Chloe Hawes has always thrived in the tension between confession and confrontation, but ‘James Dean’ feels like the moment that balance becomes a blade. The Manchester-based songwriter has carved out a reputation for turning vulnerability into something ferocious, and this new single is one of their sharpest, most arresting pieces yet.
Where some songs glamorise spirals and bad decisions, Hawes drags the narrative into a dimly lit corner and forces the truth to the surface. Their low-lit, smoky voice unravels the old trope of the tragic rebel. But instead of lionising chaos, Hawes picks at the aftermath: the mornings after, the emotional debris, the hollow thrill that never quite fills the void. It is heartbreak and accountability tangled up like old wires.

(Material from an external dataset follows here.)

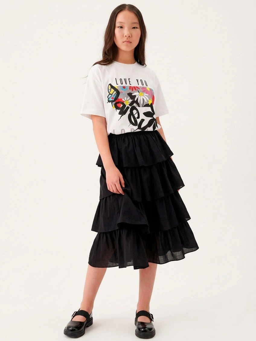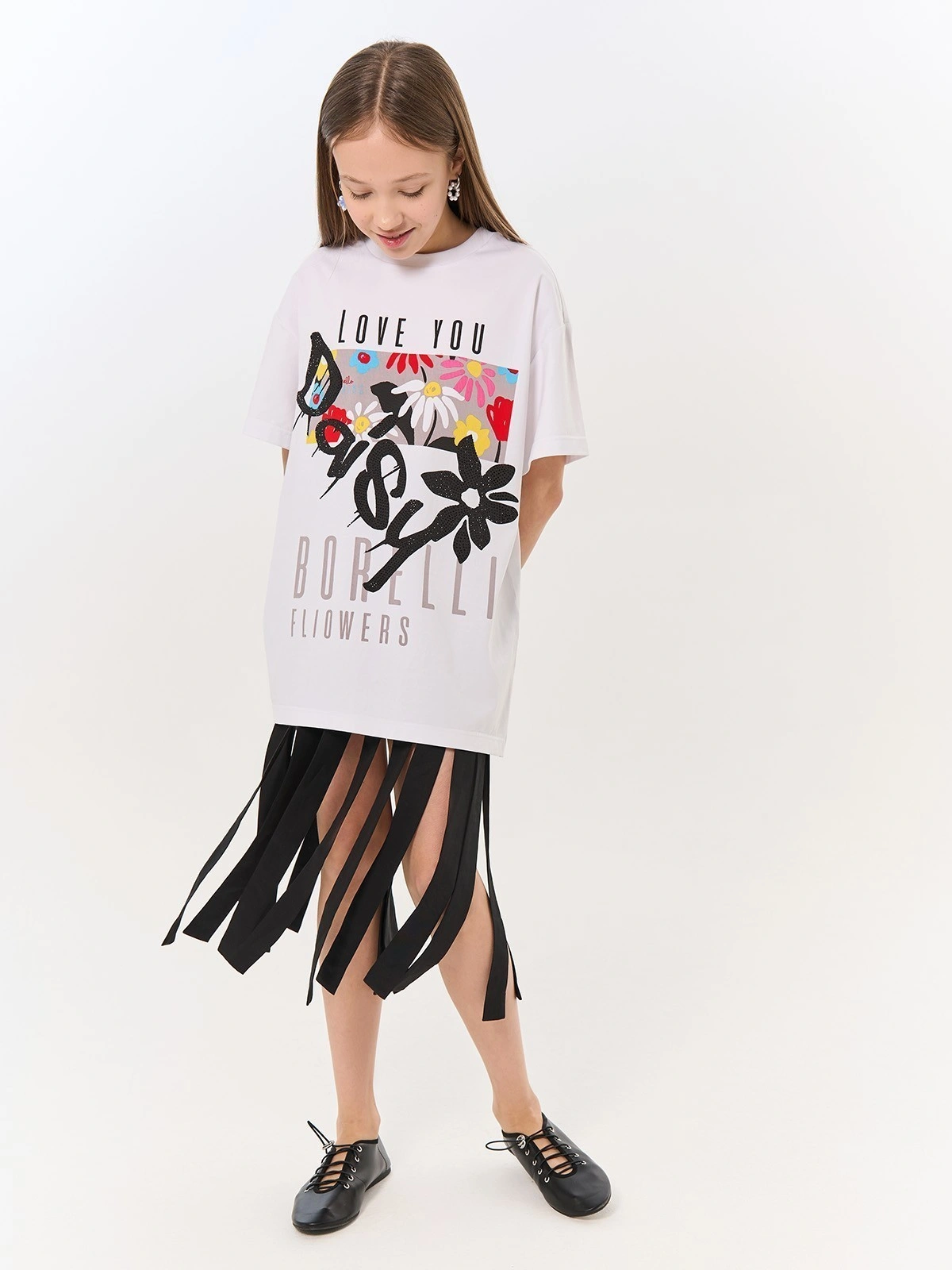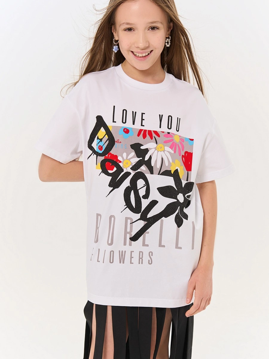 Белая футболка-туника Borelli с цветочным принтом для девочек. Стильная удлиненная футболка белого цвета выполнена из мягкого хлопкового трикотажа с классическим круглым вырезом, короткими рукавами и свободным кроем. Яркий многослойный принт сочетает надпись "LOVE YOU" вверху, красочные цветы (розовые, белые, желтые, красные) в центральном блоке и черные графичные элементы. Внизу — логотип "BORELLI FLOWERS" в пастельно-бежевых тонах. Универсальная удлиненная модель носится как самостоятельно, так и с леггинсами. Отлично сочетается с джинсами и юбками.

Instrumentally, ‘James Dean’ mirrors the emotional volatility at its core. The track begins with a steady pulse, almost hesitant, before blooming into something far more volatile. Hawes handles nearly every instrument, with riffs that feel like clenched teeth, bass lines that twitch under the skin, and chords that surge like a swallowed confession suddenly tearing its way out. While Anna Reed’s drumming is taut, restless, and propulsive enough to give the whole thing the crackle of a fuse slowly burning down.

What makes the track linger is its honesty. It’s that moment of clarity when the performance drops, and that the cool façade is just exhaustion wearing a leather jacket. And the result is devastating.
Hot on the heels of a relentless run of touring and the momentum of their acclaimed debut ‘Remains/Reminders’, ‘James Dean’ arrives as a turning point where recklessness finally meets its reflection. Chloe Hawes is writing at a career-best level; delivering something raw, incisive, and unvarnished throughout.